I met General Sickles at the President's to-day. When I went
in, the President was asking if Hancock did not select the battle-ground at
Gettysburg. Sickles said he did not, but that General Howard and perhaps
himself, were more entitled to that credit than any others. He then detailed
particulars, making himself, however, much more conspicuous than Howard, who
was really used as a set-off. The narrative was, in effect, that General Howard
had taken possession of the heights and occupied the Cemetery on Wednesday, the 1st. He, Sickles, arrived
later, between five and six p.m., and liked the position.
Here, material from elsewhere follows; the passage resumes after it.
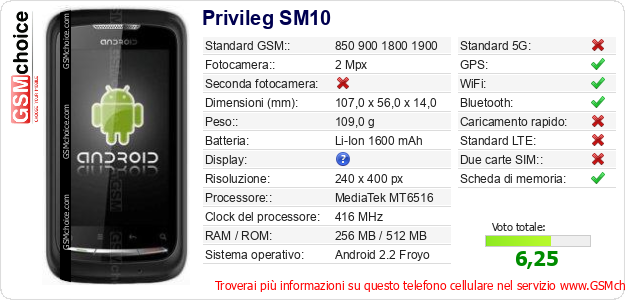 Dati del telefono cellulare Privileg SM10 sul tuo sito
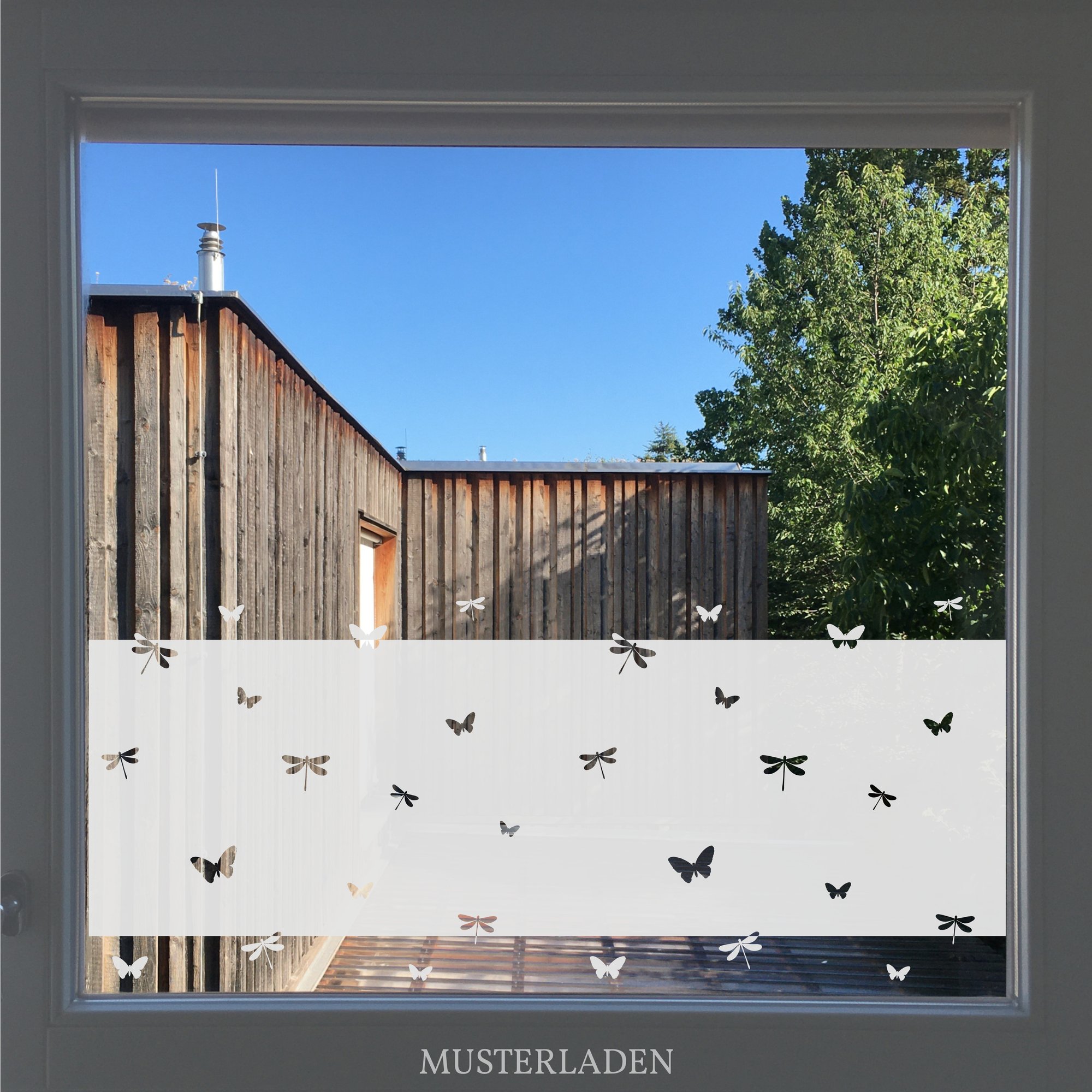 Lichtdurchlässige, blickdichte Fensterfolie mit Schmetterlingen und Libellen Motiv. Die Folie ist selbstklebend und kann sowohl im Innen- als auch im Außenbereich verwendet werden.

General Meade arrived
on the ground soon after, and was for abandoning the position and falling back.
A council was called; Meade was earnest; Sickles left, but wrote Meade his
decided opinion in favor of maintaining the position, which was finally agreed
to against Meade's judgment.
Allowance must always be made for Sickles when he is
interested, but his representations confirm my impressions of Meade, who means
well, and, in his true position, that of a secondary commander, is more of a
man than Sickles represents him, — can obey orders and carry out orders better
than he can originate and give them, hesitates, defers to others, has not
strength, will, and self-reliance. My impressions in regard to the late
movement by Lee in front are strengthened. Meade's falling back was a weakness.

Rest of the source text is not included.